What you will do: Look through the entries below for the line with "花旗3月31日发布美光研究报" and the line with "L’artiste russe propose", then give again exactly those two lines and all lines between them, minus the pictures.

━━ Data records

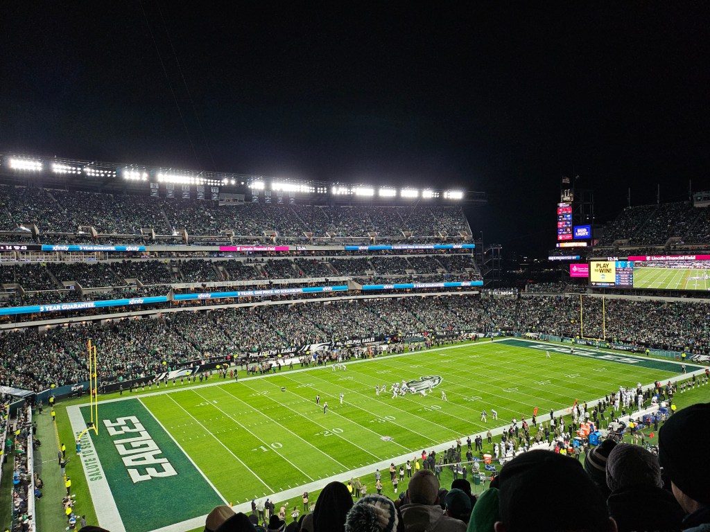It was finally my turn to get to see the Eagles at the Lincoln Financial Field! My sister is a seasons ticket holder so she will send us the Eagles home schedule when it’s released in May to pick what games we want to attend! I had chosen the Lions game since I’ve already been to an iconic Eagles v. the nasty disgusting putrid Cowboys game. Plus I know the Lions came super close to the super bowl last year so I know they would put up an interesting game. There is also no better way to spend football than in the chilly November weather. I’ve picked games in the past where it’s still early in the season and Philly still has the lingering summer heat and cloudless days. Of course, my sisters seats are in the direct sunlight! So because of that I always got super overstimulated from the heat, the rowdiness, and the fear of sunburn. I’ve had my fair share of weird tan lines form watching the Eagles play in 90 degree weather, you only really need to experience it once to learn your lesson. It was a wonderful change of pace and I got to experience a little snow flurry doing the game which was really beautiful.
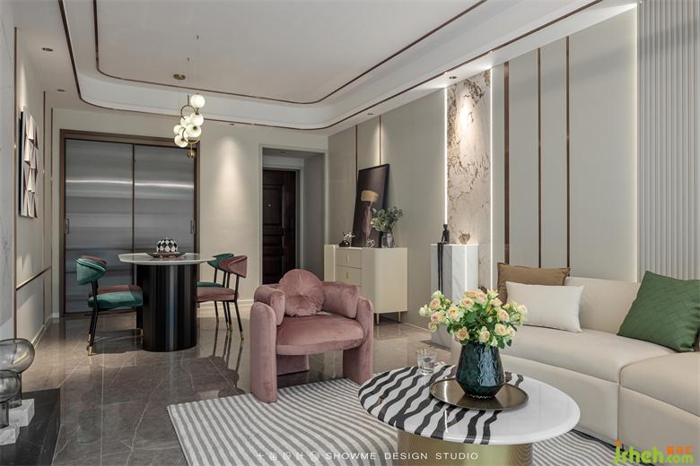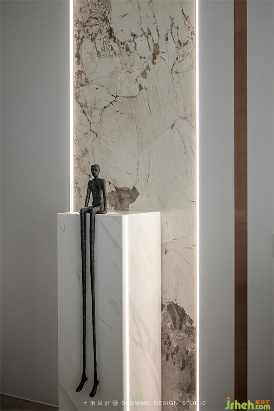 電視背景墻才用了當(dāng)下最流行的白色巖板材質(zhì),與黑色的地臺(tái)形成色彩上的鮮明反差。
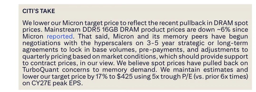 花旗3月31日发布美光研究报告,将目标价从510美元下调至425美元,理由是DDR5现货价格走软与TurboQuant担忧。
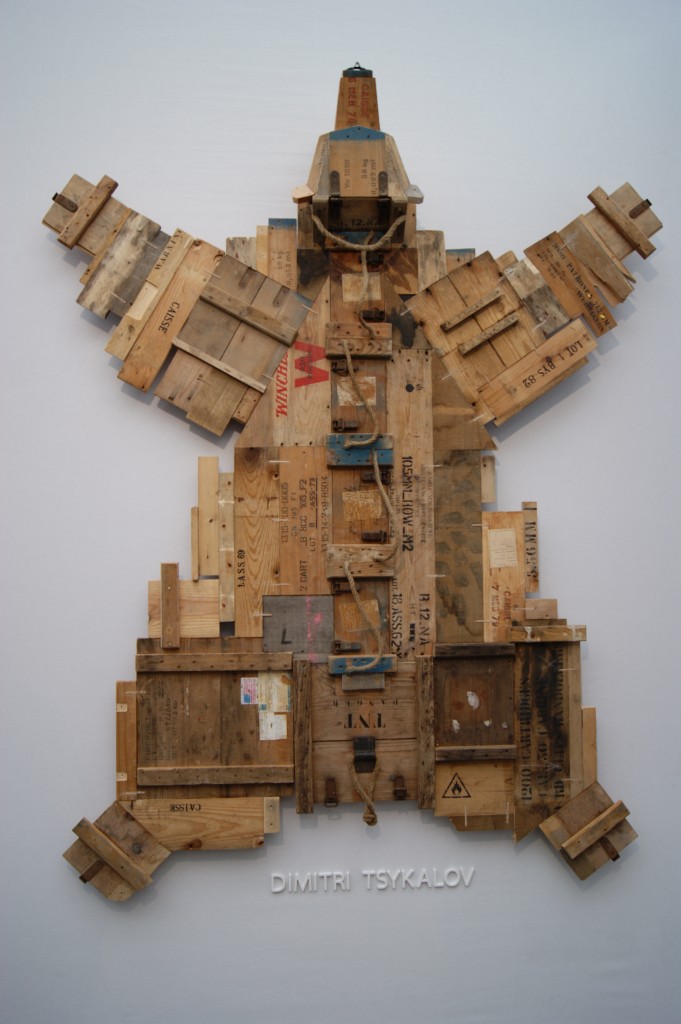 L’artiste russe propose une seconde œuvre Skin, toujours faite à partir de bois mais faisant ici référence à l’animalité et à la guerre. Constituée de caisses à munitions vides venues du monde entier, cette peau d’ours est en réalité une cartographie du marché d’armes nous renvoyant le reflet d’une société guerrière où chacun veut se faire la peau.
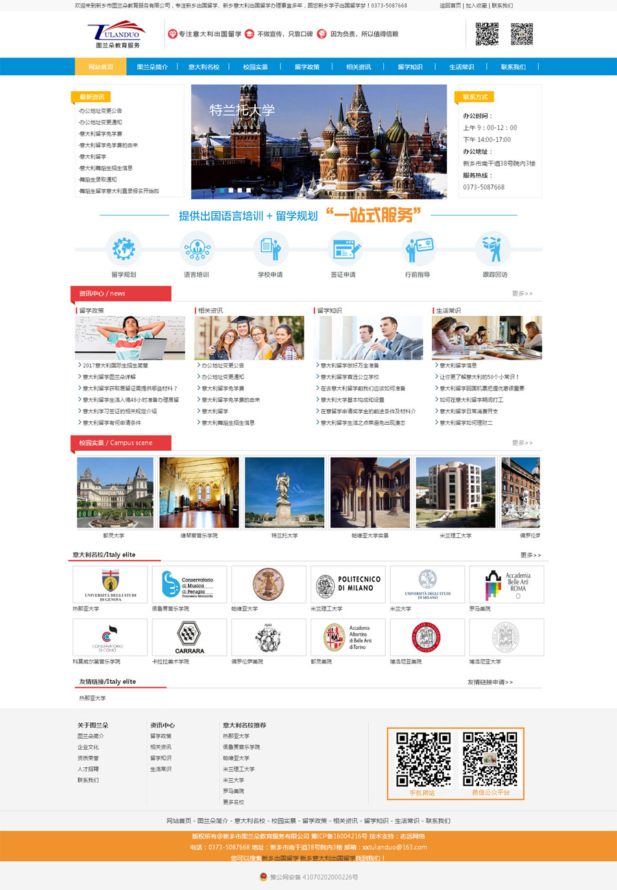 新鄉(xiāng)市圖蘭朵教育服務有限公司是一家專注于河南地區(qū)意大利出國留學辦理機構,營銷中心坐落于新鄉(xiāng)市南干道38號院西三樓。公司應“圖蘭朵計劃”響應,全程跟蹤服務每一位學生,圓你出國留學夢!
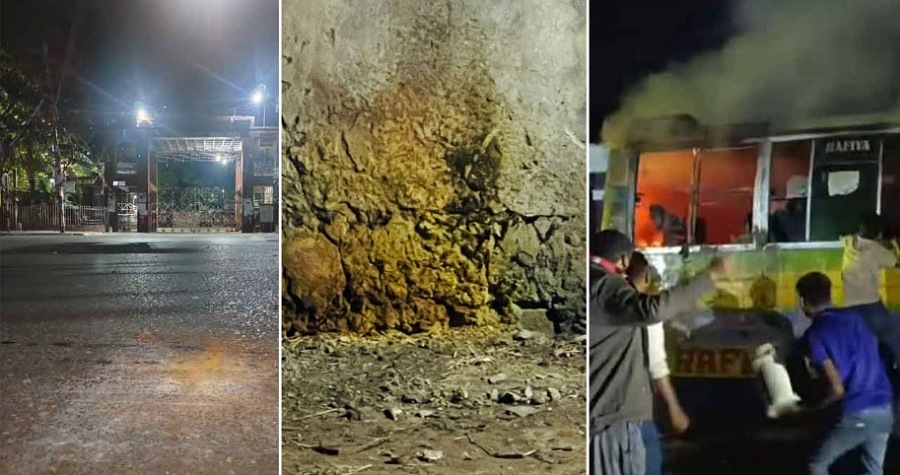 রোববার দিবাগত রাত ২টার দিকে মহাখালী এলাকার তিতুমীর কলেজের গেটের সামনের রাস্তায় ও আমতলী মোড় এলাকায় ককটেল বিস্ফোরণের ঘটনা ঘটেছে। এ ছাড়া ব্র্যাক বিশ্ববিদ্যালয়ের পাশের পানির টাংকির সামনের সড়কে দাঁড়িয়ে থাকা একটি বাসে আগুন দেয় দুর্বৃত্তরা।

━━━━
━━ Data records

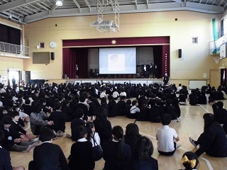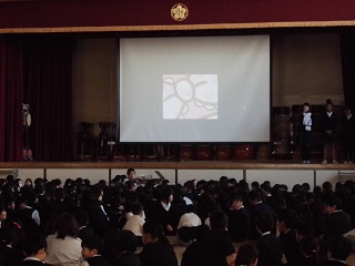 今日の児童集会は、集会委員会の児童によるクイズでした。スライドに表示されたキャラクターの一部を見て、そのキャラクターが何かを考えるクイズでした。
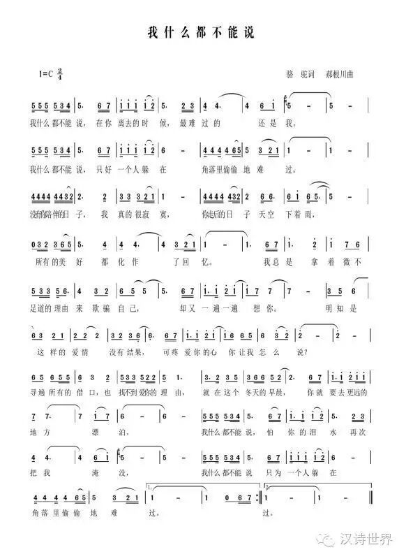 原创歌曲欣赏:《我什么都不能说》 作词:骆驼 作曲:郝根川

━━━━

Output for this task:
 花旗3月31日发布美光研究报告,将目标价从510美元下调至425美元,理由是DDR5现货价格走软与TurboQuant担忧。
 L’artiste russe propose une seconde œuvre Skin, toujours faite à partir de bois mais faisant ici référence à l’animalité et à la guerre. Constituée de caisses à munitions vides venues du monde entier, cette peau d’ours est en réalité une cartographie du marché d’armes nous renvoyant le reflet d’une société guerrière où chacun veut se faire la peau.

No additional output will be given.